FPR discipline (eval design D4 / D5)

  • FNR / FPR are always reported with Wilson 95% confidence intervals, and acceptance is judged on the interval bounds (no point-estimate claims).
  • Every gold item carries a provenance (real / public / synthetic-grounded / synthetic), and metrics are reported both overall and real-only (to detect overfitting to semi-synthetic data). With real = 0 items today, real-only cannot be measured yet.
  • The real FPR will be measured in the Chris→Hide on-device test (n≥20) — still ahead. Today's numbers are provisional values on a semi-synthetic gold set.

The improvement workbench

The open questions for making accuracy better. When a discussion moves, update this page (src/data/detection.ts).

🧠 When (and on what evidence) to promote the LLM layer to champion

  • The champion today is the rules layer. Promotion is designed as an internal swap inside the verdict port (no caller changes).
  • Evidence for promotion = interval comparison of rules vs llm on gold, plus on-device measurements. No promotion while the intervals overlap.

🕵️ Fraud-miss countermeasure: choosing between plan A (fraud enum) and plan B (0.6 unknown band)

  • Both plans reduce misses 7/10 → 3/10 (provisional). Plan A moves six fraud scores up to 0.95–0.99 (a wide margin); plan B leaves them stuck at 0.6–0.7 (thin ice).
  • Plan A leads, but is unmerged (feat/eval-gold-v01). The open question is whether to wait for on-device results before merging.

📞 Acquiring real provenance (the biggest hole in the gold set)

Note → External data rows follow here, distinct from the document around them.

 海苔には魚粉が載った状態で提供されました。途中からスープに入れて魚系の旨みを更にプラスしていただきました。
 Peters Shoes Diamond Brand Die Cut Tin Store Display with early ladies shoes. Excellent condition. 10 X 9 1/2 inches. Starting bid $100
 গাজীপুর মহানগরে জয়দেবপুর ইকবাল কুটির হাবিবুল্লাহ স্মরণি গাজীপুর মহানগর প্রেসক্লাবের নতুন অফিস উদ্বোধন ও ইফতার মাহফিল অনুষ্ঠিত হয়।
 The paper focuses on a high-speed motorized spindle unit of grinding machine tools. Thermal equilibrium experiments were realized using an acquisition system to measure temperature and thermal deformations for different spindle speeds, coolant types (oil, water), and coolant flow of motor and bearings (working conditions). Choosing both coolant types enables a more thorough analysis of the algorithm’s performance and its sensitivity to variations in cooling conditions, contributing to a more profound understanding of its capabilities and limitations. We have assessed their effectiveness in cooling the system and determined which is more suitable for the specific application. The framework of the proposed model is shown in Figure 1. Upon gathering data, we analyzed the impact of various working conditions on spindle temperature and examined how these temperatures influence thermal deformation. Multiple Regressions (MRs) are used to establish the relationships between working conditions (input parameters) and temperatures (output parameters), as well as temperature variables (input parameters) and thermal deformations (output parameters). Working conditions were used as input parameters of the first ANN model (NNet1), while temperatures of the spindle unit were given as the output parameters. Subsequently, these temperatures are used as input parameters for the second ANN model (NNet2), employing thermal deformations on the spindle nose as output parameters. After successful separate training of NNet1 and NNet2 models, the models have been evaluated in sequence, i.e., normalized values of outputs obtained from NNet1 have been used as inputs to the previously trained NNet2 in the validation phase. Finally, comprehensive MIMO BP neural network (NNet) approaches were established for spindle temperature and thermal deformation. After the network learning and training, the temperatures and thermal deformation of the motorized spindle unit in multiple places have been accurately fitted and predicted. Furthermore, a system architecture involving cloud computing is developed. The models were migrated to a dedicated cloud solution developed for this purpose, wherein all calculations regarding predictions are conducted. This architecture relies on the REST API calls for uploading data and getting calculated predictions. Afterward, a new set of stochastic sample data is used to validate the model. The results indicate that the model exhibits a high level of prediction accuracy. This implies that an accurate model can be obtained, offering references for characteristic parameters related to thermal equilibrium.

  • Zero of the 42 gold items are real; overfitting to semi-synthetic data is currently undetectable.
  • The path is ready: calls from the Chris→Hide on-device test (n≥20) get PII-masked and promoted into gold as real provenance via the gold_candidates queue.

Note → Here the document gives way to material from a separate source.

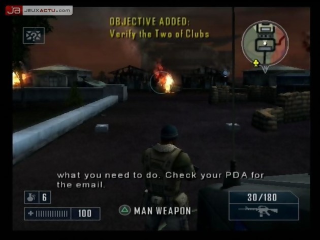 L’action étant au cœur même du jeu, il était important que la réalisation suive. De ce point de vue là, on ne se fait guère de soucis pour Mercenaries car la vue à la troisième personne couplée à une caméra bien réglée et à un système de visée efficace rendent le gameplay redoutable. On est loin des travers d’un Driv3r ou d’un True Crime. Le contenu s’annonçant très sympathique, il était donc important que le contenant le soit tout autant et de ce point de vue également, le jeu ne nous déçoit pas avec une approche spectaculaire particulièrement jouissive. La version PlayStation 2 que nous avons pu essayer est, comme vous pourrez le constater sur les images accompagnant cet article, bien supérieure graphiquement à un certain GTA San Andreas et certains passages sont réellement explosifs, dans toutes les acceptations du terme. Nous vous ferons d’ailleurs découvrir tout cela en vidéo la semaine prochaine. Si la musique fait dans le classique avec une thématique militaire, les explosions et autres crépitements de mitraillettes augurent d’une sonorisation parfaitement maîtrisée.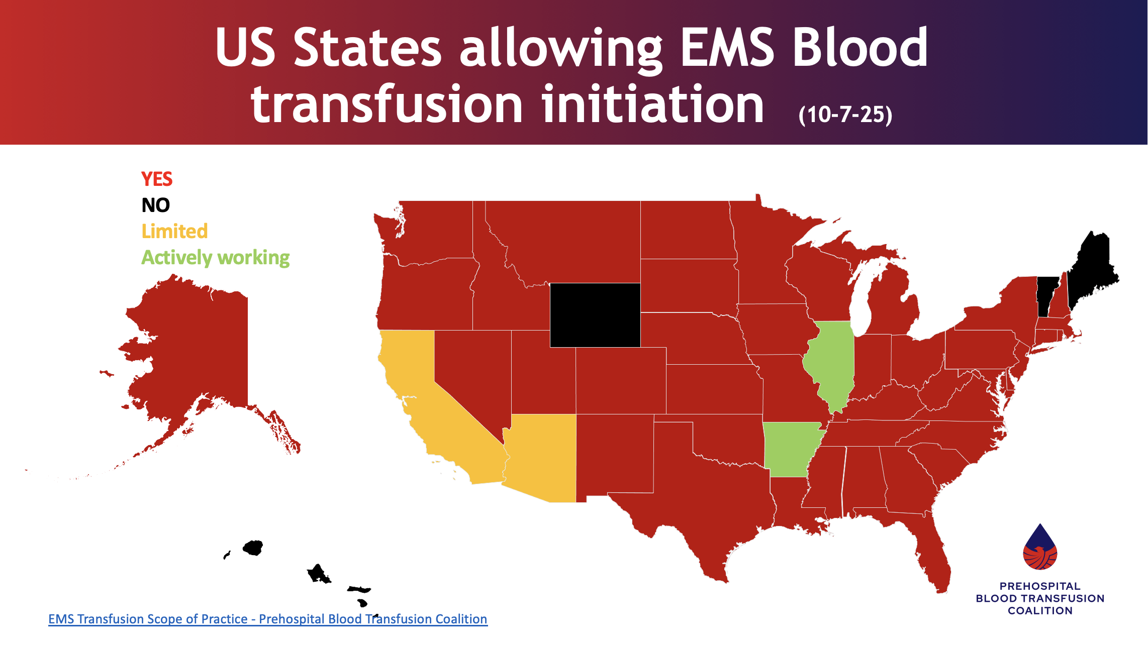 Scope of Practice for EMS clinicians is determined at the state level. While there is a National Scope of Practice Model at the national level, each state’s Office of EMS is ultimately responsible for the clinician’s scope of practice in their state. As of the date indicated on the map, this is the status of those states which allow EMS clinicians (at the paramedic level) to initiate blood transfusions in the field. We will update this map as additional states modify their state scope of practice.

📏 Record the rules layer's own gold measurements

  • eval_scorer.py --source rules can measure the production rules layer on the same 42 gold items, but those numbers are not yet recorded on this page.
  • Next step: put rules vs llm side by side with intervals — the foundation for the champion-promotion decision.

🏷️ Working through the labeling queue (PII masking required)

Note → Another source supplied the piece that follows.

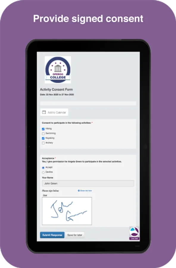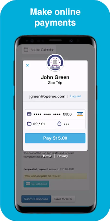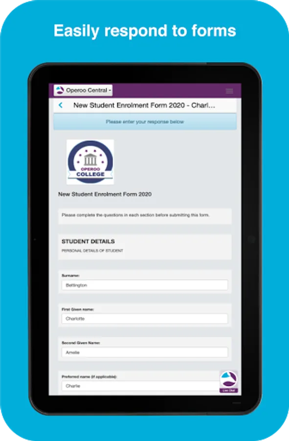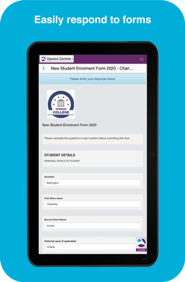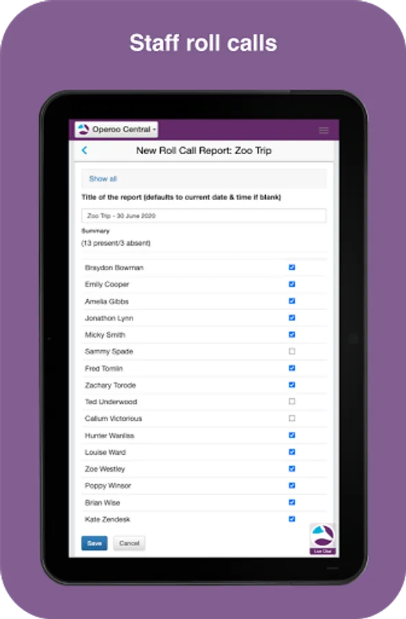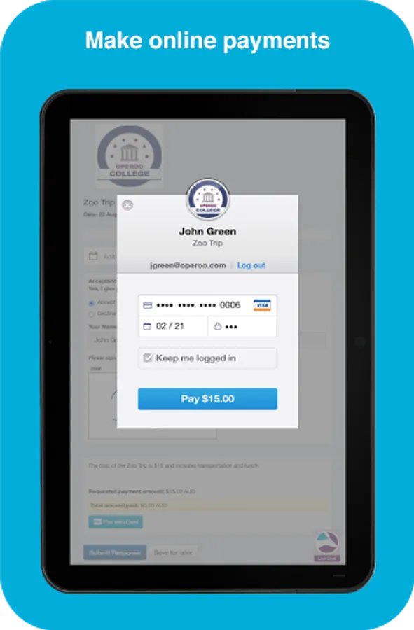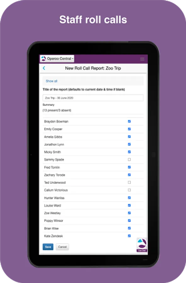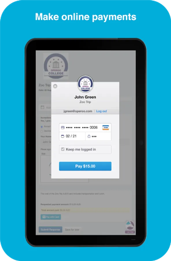Parents use the Operoo Central App to respond to school forms, make payments and receive messages. Staff use the Operoo Central App to manage trips, mark the roll, log incidents, review medical data in an emergency, respond to staff forms and receive messages.

  • A labeling queue of real transcripts (untracked in git, potentially containing PII) exists locally. PII must be masked before promotion (the queue file says so itself).
  • Who labels, and against which criteria, is undecided. gold_category assignment should follow the taxonomy.
📌How to update this page

Numbers and open questions live in src/data/detection.ts. Every new measurement must be tied to “gold version × target (rules / llm) × commit” and carry a Wilson 95% CI. When on-device results arrive, don’t replace the provisional values — show both (the gap versus the semi-synthetic gold is itself information).